EXERCISE: Since the entries below must stay intact, return each one exactly.

RECORD EXCERPTS:

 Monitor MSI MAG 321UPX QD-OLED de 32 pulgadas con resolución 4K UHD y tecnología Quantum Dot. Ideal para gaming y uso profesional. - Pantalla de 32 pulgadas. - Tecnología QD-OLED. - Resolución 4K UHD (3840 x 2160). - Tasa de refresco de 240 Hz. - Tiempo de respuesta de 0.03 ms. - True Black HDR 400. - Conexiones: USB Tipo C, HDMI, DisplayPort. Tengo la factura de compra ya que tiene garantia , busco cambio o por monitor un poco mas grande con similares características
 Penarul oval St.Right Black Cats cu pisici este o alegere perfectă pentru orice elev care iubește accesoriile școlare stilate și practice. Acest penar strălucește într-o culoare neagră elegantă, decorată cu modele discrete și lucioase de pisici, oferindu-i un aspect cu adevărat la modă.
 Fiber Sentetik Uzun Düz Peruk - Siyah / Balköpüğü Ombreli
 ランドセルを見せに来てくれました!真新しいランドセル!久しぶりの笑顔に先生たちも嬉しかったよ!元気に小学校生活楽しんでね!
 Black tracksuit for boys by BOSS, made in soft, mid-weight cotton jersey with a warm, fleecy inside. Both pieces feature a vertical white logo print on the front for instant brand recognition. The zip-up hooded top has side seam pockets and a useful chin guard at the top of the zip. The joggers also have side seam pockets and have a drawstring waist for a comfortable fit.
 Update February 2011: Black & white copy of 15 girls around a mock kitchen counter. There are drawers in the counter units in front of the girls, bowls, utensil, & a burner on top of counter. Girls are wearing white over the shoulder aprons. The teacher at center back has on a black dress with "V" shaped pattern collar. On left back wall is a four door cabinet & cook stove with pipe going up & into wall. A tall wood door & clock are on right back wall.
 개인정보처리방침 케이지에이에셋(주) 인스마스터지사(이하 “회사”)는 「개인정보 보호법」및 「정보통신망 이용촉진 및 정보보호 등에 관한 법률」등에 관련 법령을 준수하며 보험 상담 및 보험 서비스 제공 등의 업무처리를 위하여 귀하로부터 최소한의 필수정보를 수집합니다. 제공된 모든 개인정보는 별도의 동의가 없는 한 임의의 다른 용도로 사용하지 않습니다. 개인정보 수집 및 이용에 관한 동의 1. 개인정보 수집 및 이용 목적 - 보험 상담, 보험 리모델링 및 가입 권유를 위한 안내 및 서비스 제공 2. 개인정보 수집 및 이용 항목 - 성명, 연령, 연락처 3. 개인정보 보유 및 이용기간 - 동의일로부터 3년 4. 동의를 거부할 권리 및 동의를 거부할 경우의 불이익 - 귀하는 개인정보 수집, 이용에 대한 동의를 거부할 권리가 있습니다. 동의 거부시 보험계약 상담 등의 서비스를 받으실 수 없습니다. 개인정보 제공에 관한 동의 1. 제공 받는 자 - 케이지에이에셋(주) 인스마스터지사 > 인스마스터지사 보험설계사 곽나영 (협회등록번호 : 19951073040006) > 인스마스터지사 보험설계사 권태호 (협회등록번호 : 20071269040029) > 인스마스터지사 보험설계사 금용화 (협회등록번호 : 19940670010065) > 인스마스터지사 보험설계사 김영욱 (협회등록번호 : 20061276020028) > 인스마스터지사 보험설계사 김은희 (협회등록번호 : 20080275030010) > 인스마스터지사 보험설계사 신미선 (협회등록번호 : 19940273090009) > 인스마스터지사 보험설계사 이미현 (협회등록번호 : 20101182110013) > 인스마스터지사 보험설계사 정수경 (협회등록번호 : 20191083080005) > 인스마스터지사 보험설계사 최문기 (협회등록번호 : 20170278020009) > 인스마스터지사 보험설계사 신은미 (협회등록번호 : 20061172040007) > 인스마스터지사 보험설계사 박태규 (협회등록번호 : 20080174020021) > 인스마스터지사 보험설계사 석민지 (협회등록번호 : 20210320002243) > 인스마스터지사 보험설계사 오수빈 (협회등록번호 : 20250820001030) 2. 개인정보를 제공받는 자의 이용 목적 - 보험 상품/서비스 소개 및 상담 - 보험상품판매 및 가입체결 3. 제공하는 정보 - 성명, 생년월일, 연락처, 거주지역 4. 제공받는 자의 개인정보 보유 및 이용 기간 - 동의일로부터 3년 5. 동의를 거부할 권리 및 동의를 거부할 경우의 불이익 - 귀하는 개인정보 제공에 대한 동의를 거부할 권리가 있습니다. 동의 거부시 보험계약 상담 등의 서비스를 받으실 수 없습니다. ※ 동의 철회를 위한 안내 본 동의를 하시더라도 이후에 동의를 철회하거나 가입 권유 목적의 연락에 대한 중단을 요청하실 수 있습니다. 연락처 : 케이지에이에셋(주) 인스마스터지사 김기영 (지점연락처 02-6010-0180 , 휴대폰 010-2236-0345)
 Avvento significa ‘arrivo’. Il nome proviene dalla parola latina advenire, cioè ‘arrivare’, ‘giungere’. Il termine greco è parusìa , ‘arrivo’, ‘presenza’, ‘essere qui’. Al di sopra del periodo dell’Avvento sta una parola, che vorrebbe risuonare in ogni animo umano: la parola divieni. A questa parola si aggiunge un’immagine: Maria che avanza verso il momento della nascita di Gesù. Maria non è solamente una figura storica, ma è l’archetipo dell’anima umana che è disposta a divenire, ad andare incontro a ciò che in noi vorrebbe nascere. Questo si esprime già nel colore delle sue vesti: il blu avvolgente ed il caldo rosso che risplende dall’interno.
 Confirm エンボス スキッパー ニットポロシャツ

RESULT FOR THIS EXERCISE:
 Monitor MSI MAG 321UPX QD-OLED de 32 pulgadas con resolución 4K UHD y tecnología Quantum Dot. Ideal para gaming y uso profesional. - Pantalla de 32 pulgadas. - Tecnología QD-OLED. - Resolución 4K UHD (3840 x 2160). - Tasa de refresco de 240 Hz. - Tiempo de respuesta de 0.03 ms. - True Black HDR 400. - Conexiones: USB Tipo C, HDMI, DisplayPort. Tengo la factura de compra ya que tiene garantia , busco cambio o por monitor un poco mas grande con similares características
 Penarul oval St.Right Black Cats cu pisici este o alegere perfectă pentru orice elev care iubește accesoriile școlare stilate și practice. Acest penar strălucește într-o culoare neagră elegantă, decorată cu modele discrete și lucioase de pisici, oferindu-i un aspect cu adevărat la modă.
 Fiber Sentetik Uzun Düz Peruk - Siyah / Balköpüğü Ombreli
 ランドセルを見せに来てくれました!真新しいランドセル!久しぶりの笑顔に先生たちも嬉しかったよ!元気に小学校生活楽しんでね!
 Black tracksuit for boys by BOSS, made in soft, mid-weight cotton jersey with a warm, fleecy inside. Both pieces feature a vertical white logo print on the front for instant brand recognition. The zip-up hooded top has side seam pockets and a useful chin guard at the top of the zip. The joggers also have side seam pockets and have a drawstring waist for a comfortable fit.
 Update February 2011: Black & white copy of 15 girls around a mock kitchen counter. There are drawers in the counter units in front of the girls, bowls, utensil, & a burner on top of counter. Girls are wearing white over the shoulder aprons. The teacher at center back has on a black dress with "V" shaped pattern collar. On left back wall is a four door cabinet & cook stove with pipe going up & into wall. A tall wood door & clock are on right back wall.
 개인정보처리방침 케이지에이에셋(주) 인스마스터지사(이하 “회사”)는 「개인정보 보호법」및 「정보통신망 이용촉진 및 정보보호 등에 관한 법률」등에 관련 법령을 준수하며 보험 상담 및 보험 서비스 제공 등의 업무처리를 위하여 귀하로부터 최소한의 필수정보를 수집합니다. 제공된 모든 개인정보는 별도의 동의가 없는 한 임의의 다른 용도로 사용하지 않습니다. 개인정보 수집 및 이용에 관한 동의 1. 개인정보 수집 및 이용 목적 - 보험 상담, 보험 리모델링 및 가입 권유를 위한 안내 및 서비스 제공 2. 개인정보 수집 및 이용 항목 - 성명, 연령, 연락처 3. 개인정보 보유 및 이용기간 - 동의일로부터 3년 4. 동의를 거부할 권리 및 동의를 거부할 경우의 불이익 - 귀하는 개인정보 수집, 이용에 대한 동의를 거부할 권리가 있습니다. 동의 거부시 보험계약 상담 등의 서비스를 받으실 수 없습니다. 개인정보 제공에 관한 동의 1. 제공 받는 자 - 케이지에이에셋(주) 인스마스터지사 > 인스마스터지사 보험설계사 곽나영 (협회등록번호 : 19951073040006) > 인스마스터지사 보험설계사 권태호 (협회등록번호 : 20071269040029) > 인스마스터지사 보험설계사 금용화 (협회등록번호 : 19940670010065) > 인스마스터지사 보험설계사 김영욱 (협회등록번호 : 20061276020028) > 인스마스터지사 보험설계사 김은희 (협회등록번호 : 20080275030010) > 인스마스터지사 보험설계사 신미선 (협회등록번호 : 19940273090009) > 인스마스터지사 보험설계사 이미현 (협회등록번호 : 20101182110013) > 인스마스터지사 보험설계사 정수경 (협회등록번호 : 20191083080005) > 인스마스터지사 보험설계사 최문기 (협회등록번호 : 20170278020009) > 인스마스터지사 보험설계사 신은미 (협회등록번호 : 20061172040007) > 인스마스터지사 보험설계사 박태규 (협회등록번호 : 20080174020021) > 인스마스터지사 보험설계사 석민지 (협회등록번호 : 20210320002243) > 인스마스터지사 보험설계사 오수빈 (협회등록번호 : 20250820001030) 2. 개인정보를 제공받는 자의 이용 목적 - 보험 상품/서비스 소개 및 상담 - 보험상품판매 및 가입체결 3. 제공하는 정보 - 성명, 생년월일, 연락처, 거주지역 4. 제공받는 자의 개인정보 보유 및 이용 기간 - 동의일로부터 3년 5. 동의를 거부할 권리 및 동의를 거부할 경우의 불이익 - 귀하는 개인정보 제공에 대한 동의를 거부할 권리가 있습니다. 동의 거부시 보험계약 상담 등의 서비스를 받으실 수 없습니다. ※ 동의 철회를 위한 안내 본 동의를 하시더라도 이후에 동의를 철회하거나 가입 권유 목적의 연락에 대한 중단을 요청하실 수 있습니다. 연락처 : 케이지에이에셋(주) 인스마스터지사 김기영 (지점연락처 02-6010-0180 , 휴대폰 010-2236-0345)
 Avvento significa ‘arrivo’. Il nome proviene dalla parola latina advenire, cioè ‘arrivare’, ‘giungere’. Il termine greco è parusìa , ‘arrivo’, ‘presenza’, ‘essere qui’. Al di sopra del periodo dell’Avvento sta una parola, che vorrebbe risuonare in ogni animo umano: la parola divieni. A questa parola si aggiunge un’immagine: Maria che avanza verso il momento della nascita di Gesù. Maria non è solamente una figura storica, ma è l’archetipo dell’anima umana che è disposta a divenire, ad andare incontro a ciò che in noi vorrebbe nascere. Questo si esprime già nel colore delle sue vesti: il blu avvolgente ed il caldo rosso che risplende dall’interno.
 Confirm エンボス スキッパー ニットポロシャツ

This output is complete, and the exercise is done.